Monday, June 18, 2007

Eskiler güzeldir...

Sevgili blog ahalisi,

Bugün sizleri gönüllerin kainat güzeli, birtanelerin birtanesi, canım annemle, daha doğrusu annemin gençlik halleriyle tanıştırmak istiyorum. Elimde elbette ki bir sürü fotoğraf var ancak bugün sizlerle sadece 3 tanesini paylaşacağım. Bu üç nadide eser de sizleri dumurlardan dumurlara koşturacak potansiyele fazlasıyla sahip zaten. Huzurlarınızda canım annem;


Beni canlı canlı gören şanslı (!) kimselerin içlerinden "insan insana bu kadar benzer mi?" dediğini, ancak bunu derken, "ama, ama garip bir şekilde büyük de bir fark var, nedir yahu?!?" diye serzenişte bulunduğunu duyar gibiyim taaa buralardan. Boşuna güzel zihinlerinizi yormayın ben yardımcı olayım.. Benim annem çok güzel! Hiçbir şekilde mütevazilik yapamayacağım ender konulardan biri.. Annem çok güzel ve aramızdaki en büyük fark bu. Tüm bunları okurken sanmayın ki kendimin çirkin olduğunu iddia ediyorum (hahahahah tabi ki de hayır) sadece ben daha az güzelim...

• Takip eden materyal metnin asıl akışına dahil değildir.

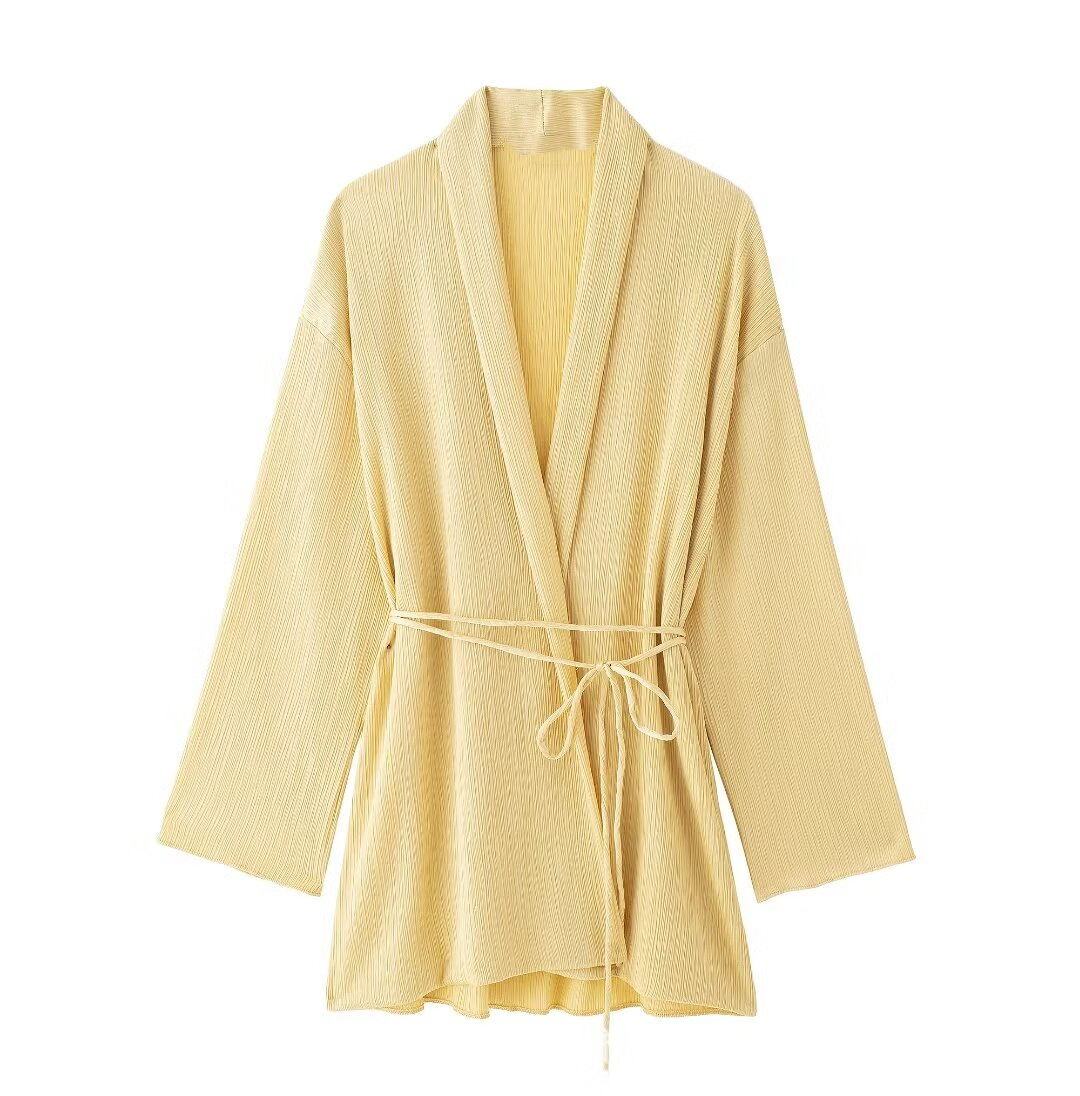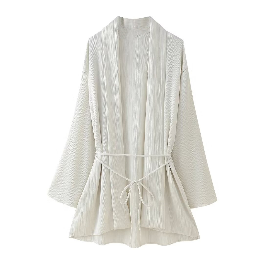 UC & ZA 국경 유럽 및 미국 스타일 여성 착용 봄과 가을 새로운 기질 슬리밍 타이 주름 기모노 코트 1058009

Evet, benden yeteri kadar nefret edip tiskindiyseniz diğer fotoğraflara geçebiliriz... Annemle ilgili vermem gereken diğer detaylardan biri de zamanında (şimdi pek özenmiyo kendine, özense gönül yazarlar halt eylemişti) inanılmaz zevkli, kaliteli ve şık giyiniyor olması. Gençlik yıllarından kalma birkaç parça kıyafeti var, şimdi o kıyafetleri yaptırmak için servet lazım servet! Annemden kalma, çok iyi bakılmış bu süper ötesi kıyafetleri neden şu an benim değerlendirip giymediğimi soruyorsunuz değil mi? Bacağımdan geçse razıyım, yeterli mi? Fotoğrafta annem ve birbirinden çılgın iki arkadaşı var. Soldaki benim annem olur ve üstündeki kabanı da yıkılmaktadır;




Bununla bitti mi? Elbette hayır. Ortada büyük bir farklılık daha var... O kadar büyük ki, ne kadar büyük olduğunu tahmin bile edemezsiniz (en son ölçtüğümde 110'du). Annem kabul edilemez biçimde ince, minyon ve zarifmiş.. Hala da öyle.. İncecik bir bel, sağlıklı bir cilt, ameliyat hediyesi sevimli göbeği dışında genç kız sanıldığı, saçları benim sevgiliminki gibi erkenden beyazlamış yakışıklı babamı annemin babası zannettikleri çok olmuş. İşin kötü tarafı annem üçüncü ve sonuncu çocuğu "ben"i doğurduktan sonra 47 kiloymuş (benim en son ilkokul 5'te görebildiğim bir rakamdır bu). En nihayetinde bunun unutulmaz bir örneği, meslek lisesinde kendi diktiği kıyafetini dayılarımdan gizlenerek tanıtmakta olduğu okul defilesindendir ve aşağıda huzurlarınıza sunulmaktadır;




Kate Moss'lara Kylie Minouge'lara taş çıkartacak bu dünyalar güzeli annemin en önemli özelliği ise onu daha da güzelleştirenin "anne" olması, "o"nun gibi bir anne olmasıdır. O, bana göre içiyle dışıyla, yer yüzündeki en güzel annedir ve benim en kıymetlimdir...

3 comments:

Anonymous said...

Allah annene uzunn ömür versin.. anasına bak kızını al demişler. cenk annene baksın seni alsın =)

tubik said...

AMİİİİİNNNNN!!! Çok teşekkür ederim... Cenk de bu mantıktan yola çıkarak böyle bişeye kalkıştı ama.. du bakalım :D

Otaku said...

inanılmaz bir benzerlik var, ama ama sanki çok da farklı... eee, yok yok farklı diil :)
Saygı duruşu fotosuna hasta oldum ayrıca.